=== Record set ===

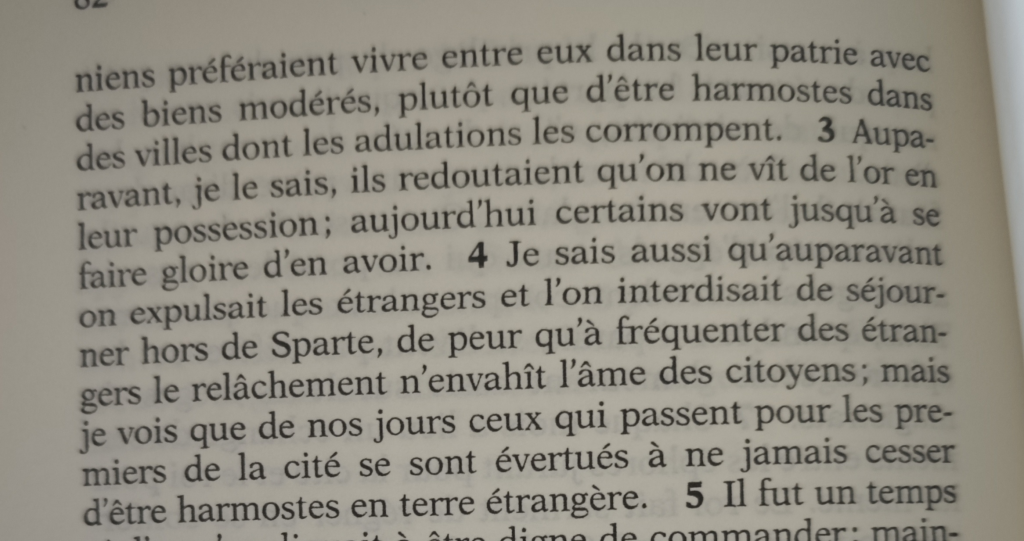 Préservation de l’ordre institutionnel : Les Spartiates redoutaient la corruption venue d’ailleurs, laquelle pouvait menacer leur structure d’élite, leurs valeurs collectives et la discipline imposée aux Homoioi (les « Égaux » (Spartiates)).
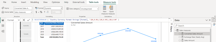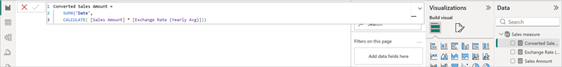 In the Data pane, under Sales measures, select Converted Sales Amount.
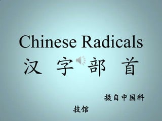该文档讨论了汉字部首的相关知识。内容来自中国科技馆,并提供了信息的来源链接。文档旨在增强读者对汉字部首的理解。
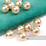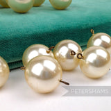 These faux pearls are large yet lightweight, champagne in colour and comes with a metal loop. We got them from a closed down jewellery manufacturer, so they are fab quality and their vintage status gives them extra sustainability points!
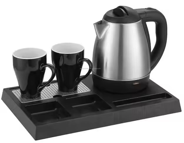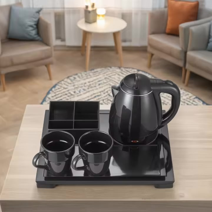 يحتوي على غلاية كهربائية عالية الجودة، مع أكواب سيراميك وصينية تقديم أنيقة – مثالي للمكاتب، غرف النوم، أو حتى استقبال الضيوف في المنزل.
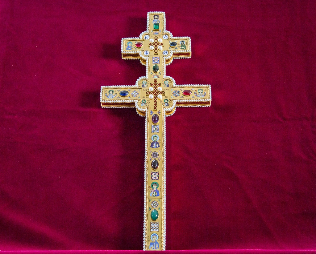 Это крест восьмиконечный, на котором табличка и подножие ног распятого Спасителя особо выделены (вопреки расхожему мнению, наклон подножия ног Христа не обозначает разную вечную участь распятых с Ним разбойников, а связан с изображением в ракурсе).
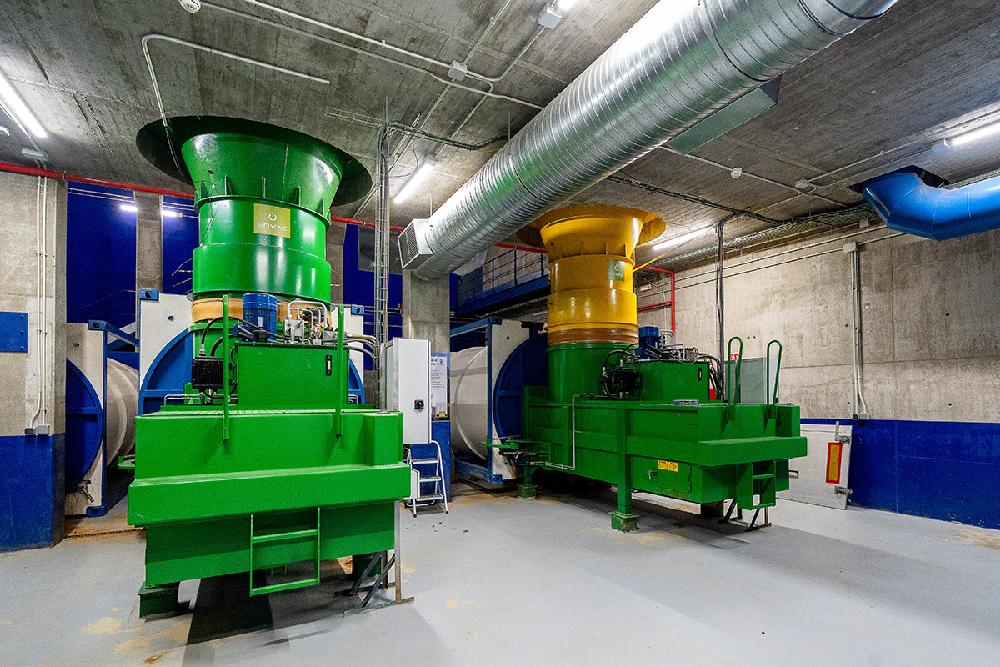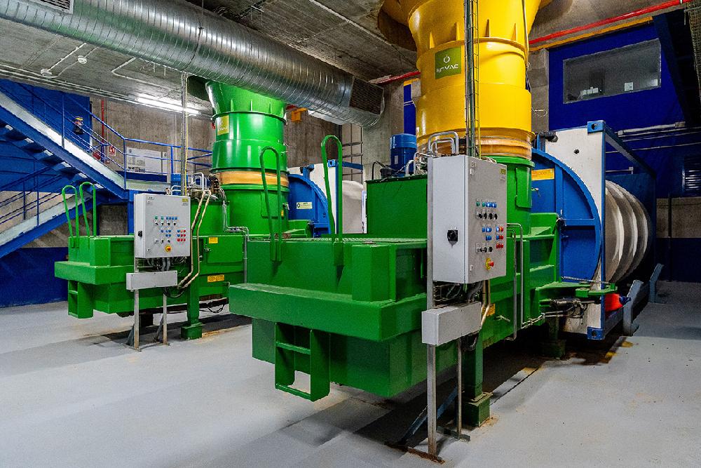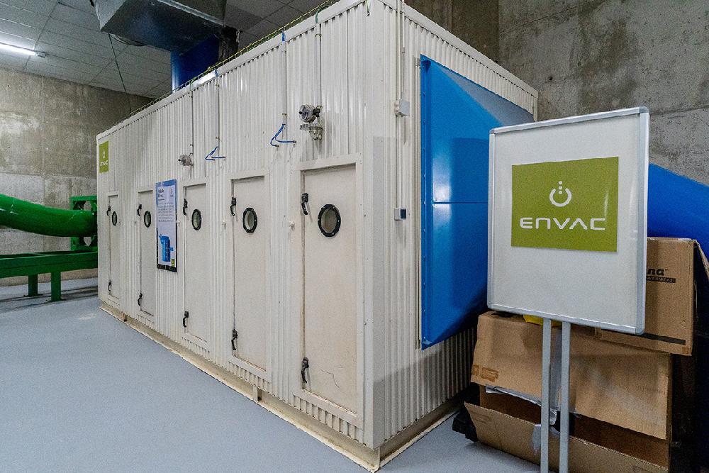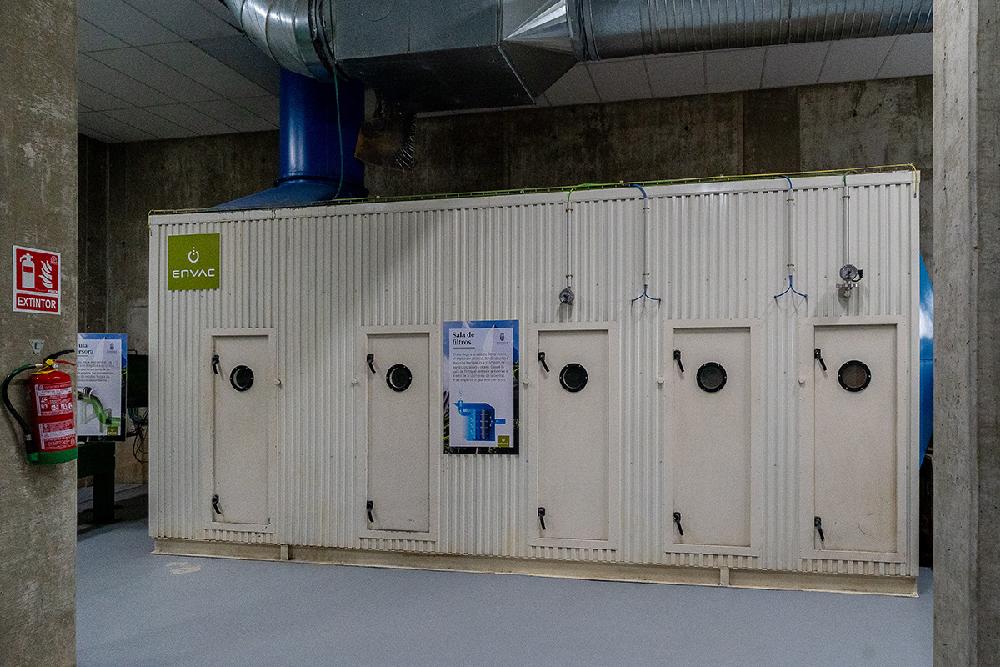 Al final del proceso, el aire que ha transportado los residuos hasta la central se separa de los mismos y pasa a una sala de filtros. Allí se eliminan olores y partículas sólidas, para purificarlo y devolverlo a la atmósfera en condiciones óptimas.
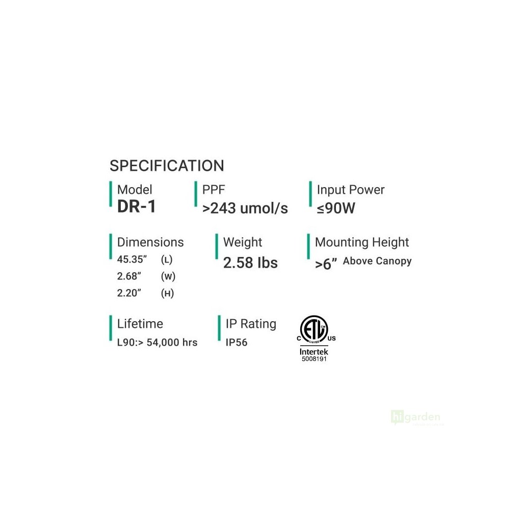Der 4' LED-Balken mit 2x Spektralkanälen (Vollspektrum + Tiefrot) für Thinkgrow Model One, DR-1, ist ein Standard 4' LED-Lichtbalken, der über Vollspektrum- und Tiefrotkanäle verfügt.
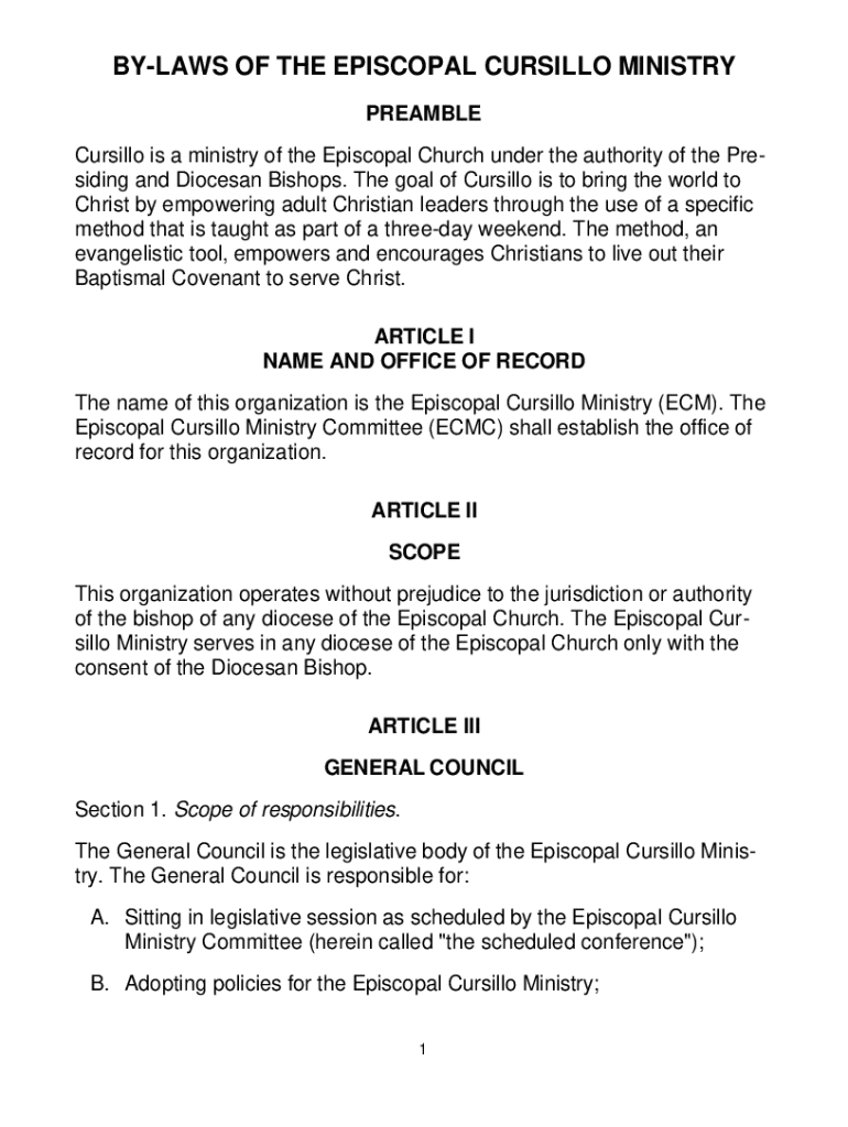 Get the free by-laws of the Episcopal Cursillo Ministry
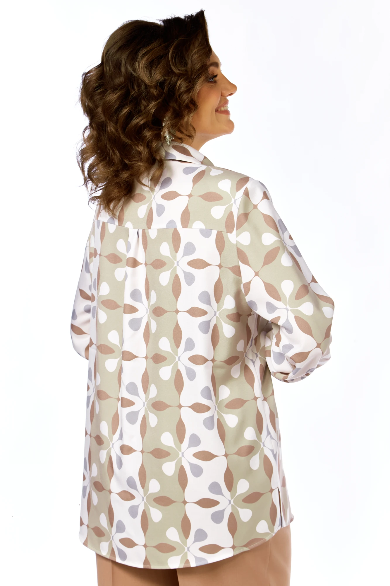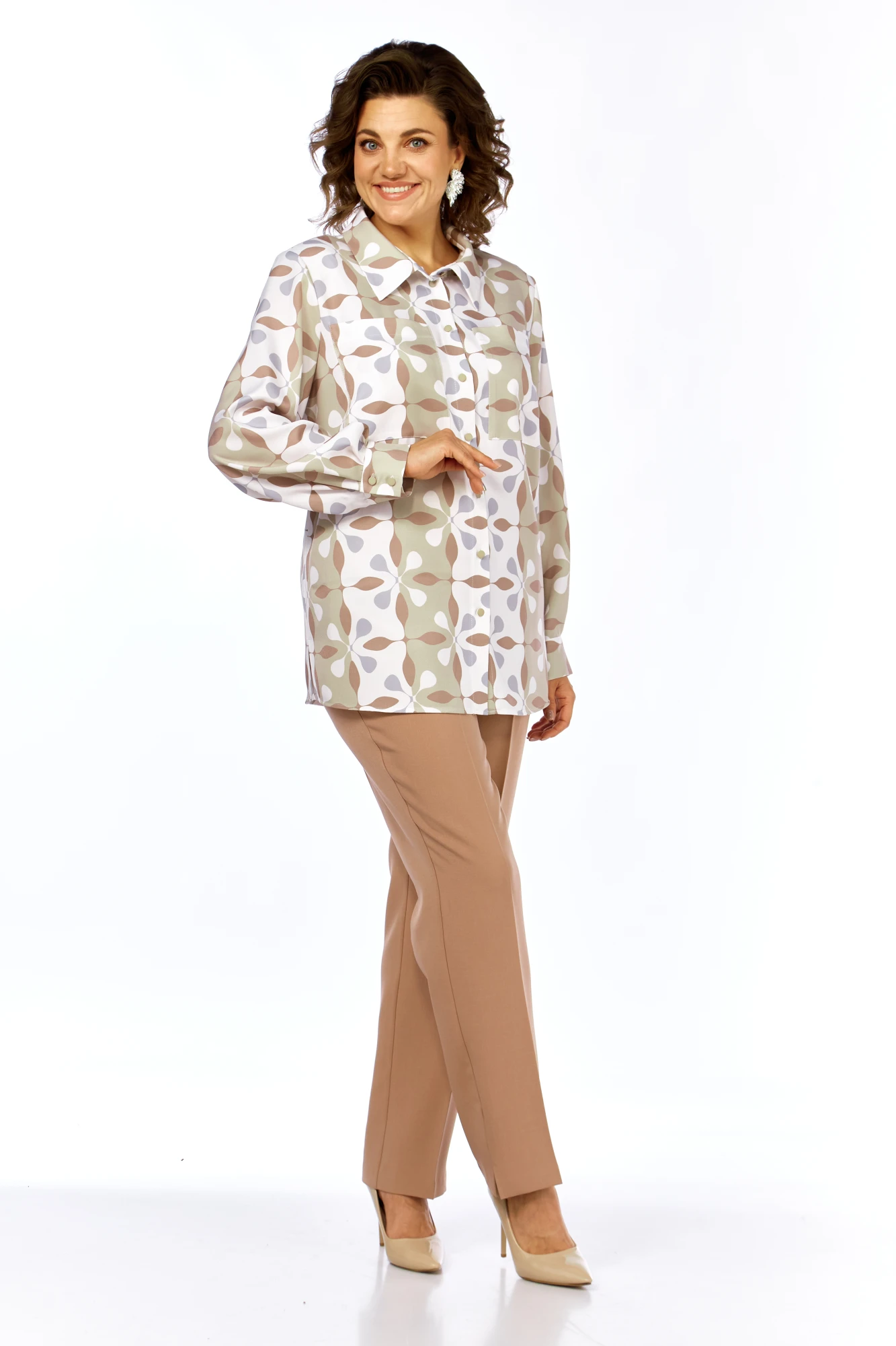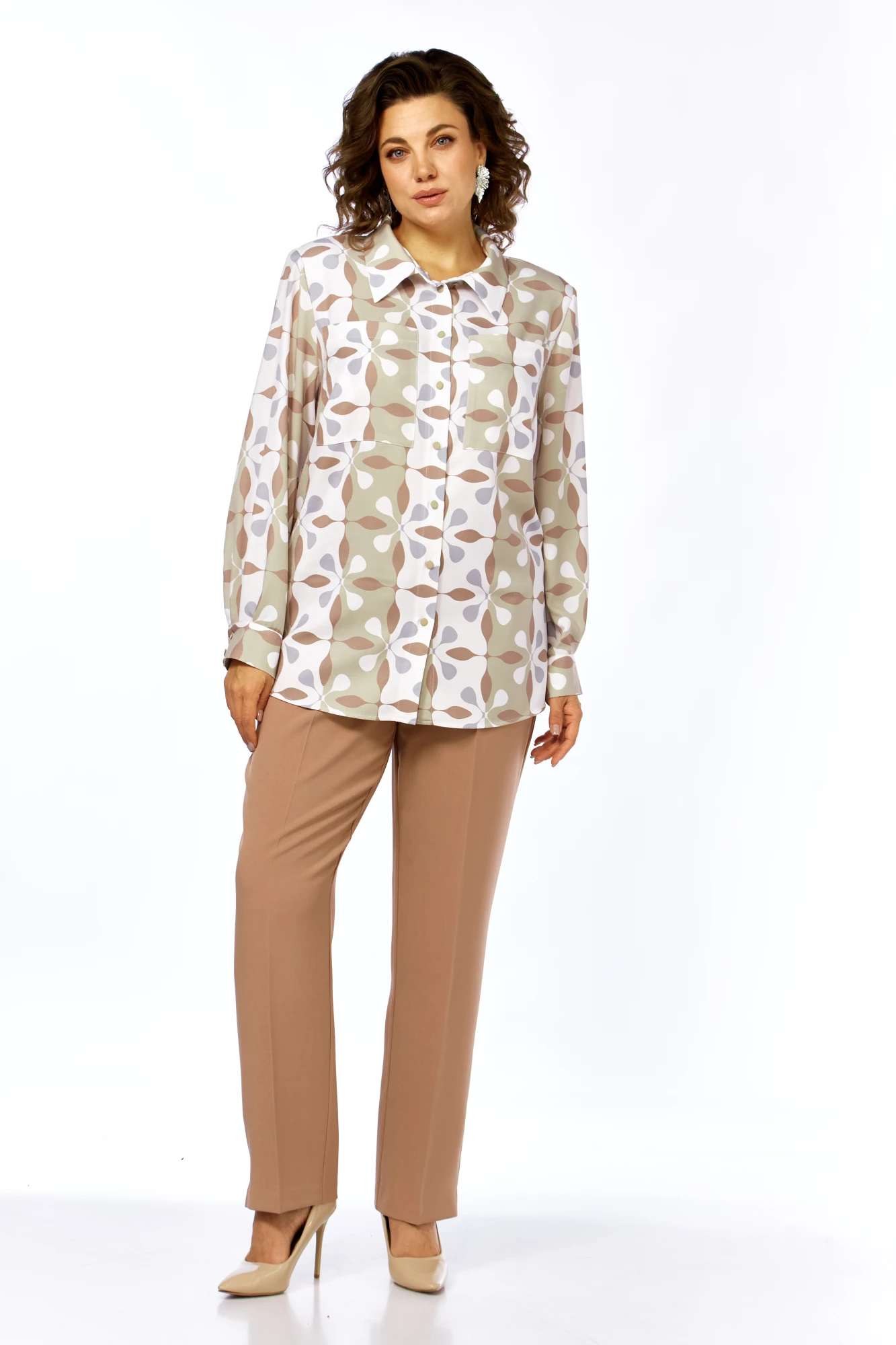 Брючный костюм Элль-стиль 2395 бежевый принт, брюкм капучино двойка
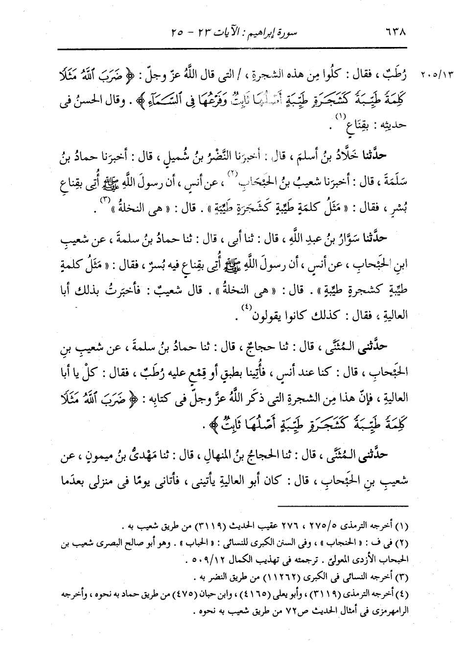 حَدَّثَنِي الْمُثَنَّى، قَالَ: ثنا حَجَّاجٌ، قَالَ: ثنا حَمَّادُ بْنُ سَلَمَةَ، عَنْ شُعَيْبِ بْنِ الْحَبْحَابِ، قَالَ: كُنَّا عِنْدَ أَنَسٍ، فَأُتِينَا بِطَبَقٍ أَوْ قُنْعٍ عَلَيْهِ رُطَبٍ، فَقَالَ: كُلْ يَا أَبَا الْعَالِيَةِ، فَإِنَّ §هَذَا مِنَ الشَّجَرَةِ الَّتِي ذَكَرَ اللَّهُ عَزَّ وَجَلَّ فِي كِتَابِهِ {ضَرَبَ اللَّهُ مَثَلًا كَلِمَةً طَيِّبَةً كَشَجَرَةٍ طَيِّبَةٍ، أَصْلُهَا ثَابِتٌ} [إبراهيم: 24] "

===

▶ **Exercise objective**: Output should consist of the lines above from the one with "Это крест восьмиконечный, на" down to the one with "Брючный костюм Элль-стиль", exact and without pictures.

▶ **Result of the task**:
 Это крест восьмиконечный, на котором табличка и подножие ног распятого Спасителя особо выделены (вопреки расхожему мнению, наклон подножия ног Христа не обозначает разную вечную участь распятых с Ним разбойников, а связан с изображением в ракурсе).
 Al final del proceso, el aire que ha transportado los residuos hasta la central se separa de los mismos y pasa a una sala de filtros. Allí se eliminan olores y partículas sólidas, para purificarlo y devolverlo a la atmósfera en condiciones óptimas.
Der 4' LED-Balken mit 2x Spektralkanälen (Vollspektrum + Tiefrot) für Thinkgrow Model One, DR-1, ist ein Standard 4' LED-Lichtbalken, der über Vollspektrum- und Tiefrotkanäle verfügt.
 Get the free by-laws of the Episcopal Cursillo Ministry
 Брючный костюм Элль-стиль 2395 бежевый принт, брюкм капучино двойка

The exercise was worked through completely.